- INSTRUCTIONS FOR THE TASK -
Return every entry exactly, except for any pictures.

[Collected data entries]
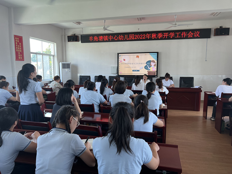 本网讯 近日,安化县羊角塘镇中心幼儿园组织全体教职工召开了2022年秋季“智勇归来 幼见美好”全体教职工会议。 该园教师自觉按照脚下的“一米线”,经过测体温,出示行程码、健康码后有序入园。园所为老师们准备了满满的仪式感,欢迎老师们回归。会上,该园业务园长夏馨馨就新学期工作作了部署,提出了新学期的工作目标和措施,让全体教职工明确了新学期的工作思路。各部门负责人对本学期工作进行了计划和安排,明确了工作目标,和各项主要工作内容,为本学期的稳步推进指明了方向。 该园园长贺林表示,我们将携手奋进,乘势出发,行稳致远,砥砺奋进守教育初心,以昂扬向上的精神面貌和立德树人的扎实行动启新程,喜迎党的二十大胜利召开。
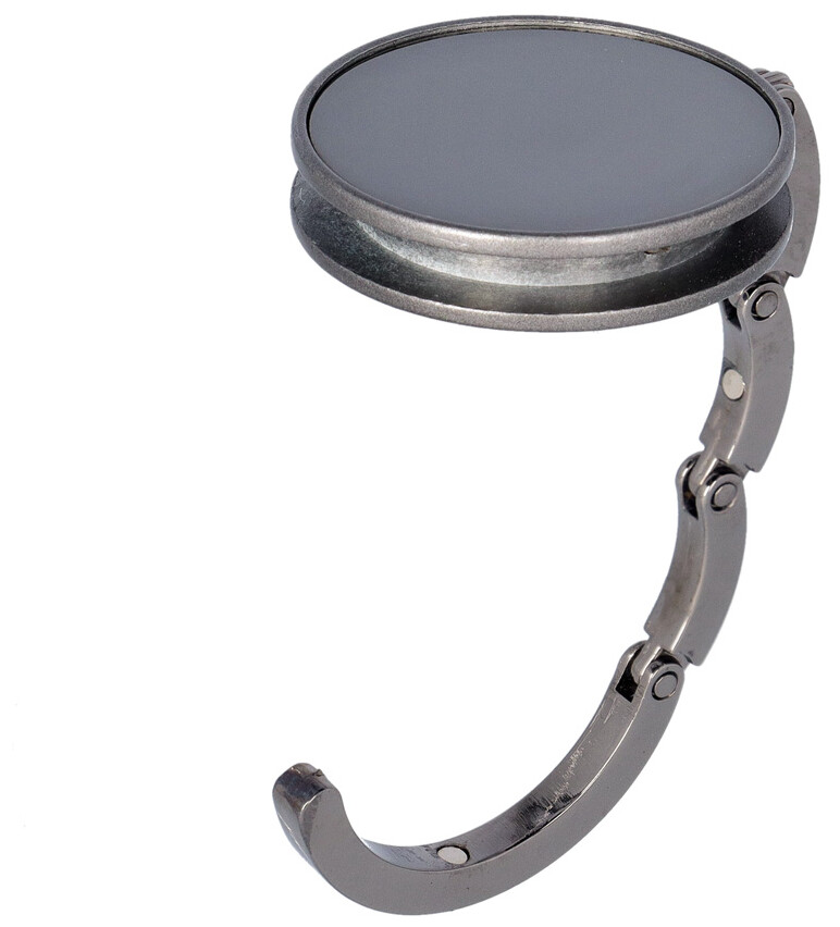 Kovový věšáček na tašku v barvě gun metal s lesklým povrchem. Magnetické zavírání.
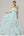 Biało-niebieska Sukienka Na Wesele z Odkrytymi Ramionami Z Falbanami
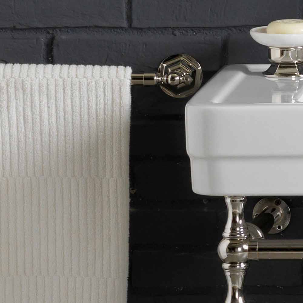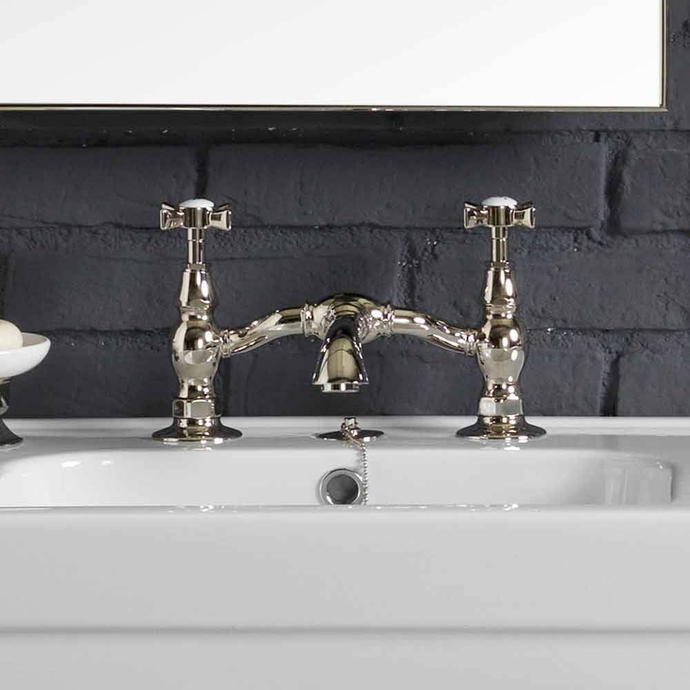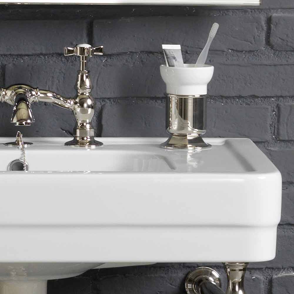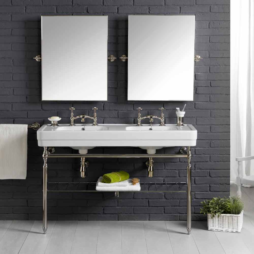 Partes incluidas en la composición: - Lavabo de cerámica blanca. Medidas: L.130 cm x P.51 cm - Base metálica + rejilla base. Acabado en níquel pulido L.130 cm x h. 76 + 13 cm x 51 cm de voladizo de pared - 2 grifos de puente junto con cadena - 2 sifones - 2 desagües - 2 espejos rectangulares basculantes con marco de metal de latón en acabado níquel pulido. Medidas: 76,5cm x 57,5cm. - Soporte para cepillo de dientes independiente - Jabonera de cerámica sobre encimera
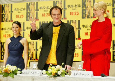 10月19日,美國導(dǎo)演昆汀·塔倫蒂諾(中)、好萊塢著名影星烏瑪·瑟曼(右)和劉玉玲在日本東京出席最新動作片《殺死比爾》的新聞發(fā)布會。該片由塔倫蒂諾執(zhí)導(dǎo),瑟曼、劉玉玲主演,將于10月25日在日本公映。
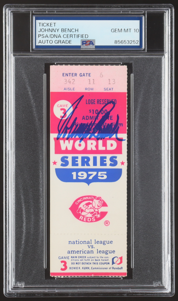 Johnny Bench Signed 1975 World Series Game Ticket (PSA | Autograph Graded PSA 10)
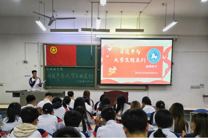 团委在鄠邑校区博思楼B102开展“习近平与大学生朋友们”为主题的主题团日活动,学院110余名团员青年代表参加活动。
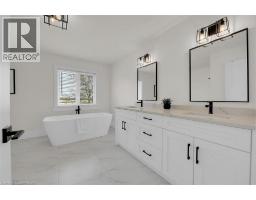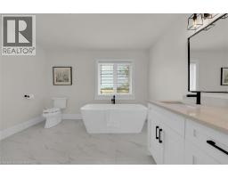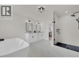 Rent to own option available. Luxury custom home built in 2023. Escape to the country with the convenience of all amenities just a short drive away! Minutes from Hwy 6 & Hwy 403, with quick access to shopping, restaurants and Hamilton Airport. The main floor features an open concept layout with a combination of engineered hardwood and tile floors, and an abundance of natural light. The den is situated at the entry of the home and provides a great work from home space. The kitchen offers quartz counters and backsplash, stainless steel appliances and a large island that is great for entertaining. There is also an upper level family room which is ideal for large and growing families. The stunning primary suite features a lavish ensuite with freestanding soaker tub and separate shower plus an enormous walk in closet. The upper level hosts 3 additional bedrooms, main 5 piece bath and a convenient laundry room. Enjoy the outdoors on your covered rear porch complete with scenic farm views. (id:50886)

- EXERCISE ANSWER -
 本网讯 近日,安化县羊角塘镇中心幼儿园组织全体教职工召开了2022年秋季“智勇归来 幼见美好”全体教职工会议。 该园教师自觉按照脚下的“一米线”,经过测体温,出示行程码、健康码后有序入园。园所为老师们准备了满满的仪式感,欢迎老师们回归。会上,该园业务园长夏馨馨就新学期工作作了部署,提出了新学期的工作目标和措施,让全体教职工明确了新学期的工作思路。各部门负责人对本学期工作进行了计划和安排,明确了工作目标,和各项主要工作内容,为本学期的稳步推进指明了方向。 该园园长贺林表示,我们将携手奋进,乘势出发,行稳致远,砥砺奋进守教育初心,以昂扬向上的精神面貌和立德树人的扎实行动启新程,喜迎党的二十大胜利召开。
 Kovový věšáček na tašku v barvě gun metal s lesklým povrchem. Magnetické zavírání.
 Biało-niebieska Sukienka Na Wesele z Odkrytymi Ramionami Z Falbanami
 Partes incluidas en la composición: - Lavabo de cerámica blanca. Medidas: L.130 cm x P.51 cm - Base metálica + rejilla base. Acabado en níquel pulido L.130 cm x h. 76 + 13 cm x 51 cm de voladizo de pared - 2 grifos de puente junto con cadena - 2 sifones - 2 desagües - 2 espejos rectangulares basculantes con marco de metal de latón en acabado níquel pulido. Medidas: 76,5cm x 57,5cm. - Soporte para cepillo de dientes independiente - Jabonera de cerámica sobre encimera
 10月19日,美國導(dǎo)演昆汀·塔倫蒂諾(中)、好萊塢著名影星烏瑪·瑟曼(右)和劉玉玲在日本東京出席最新動作片《殺死比爾》的新聞發(fā)布會。該片由塔倫蒂諾執(zhí)導(dǎo),瑟曼、劉玉玲主演,將于10月25日在日本公映。
 Johnny Bench Signed 1975 World Series Game Ticket (PSA | Autograph Graded PSA 10)
 团委在鄠邑校区博思楼B102开展“习近平与大学生朋友们”为主题的主题团日活动,学院110余名团员青年代表参加活动。
 Rent to own option available. Luxury custom home built in 2023. Escape to the country with the convenience of all amenities just a short drive away! Minutes from Hwy 6 & Hwy 403, with quick access to shopping, restaurants and Hamilton Airport. The main floor features an open concept layout with a combination of engineered hardwood and tile floors, and an abundance of natural light. The den is situated at the entry of the home and provides a great work from home space. The kitchen offers quartz counters and backsplash, stainless steel appliances and a large island that is great for entertaining. There is also an upper level family room which is ideal for large and growing families. The stunning primary suite features a lavish ensuite with freestanding soaker tub and separate shower plus an enormous walk in closet. The upper level hosts 3 additional bedrooms, main 5 piece bath and a convenient laundry room. Enjoy the outdoors on your covered rear porch complete with scenic farm views. (id:50886)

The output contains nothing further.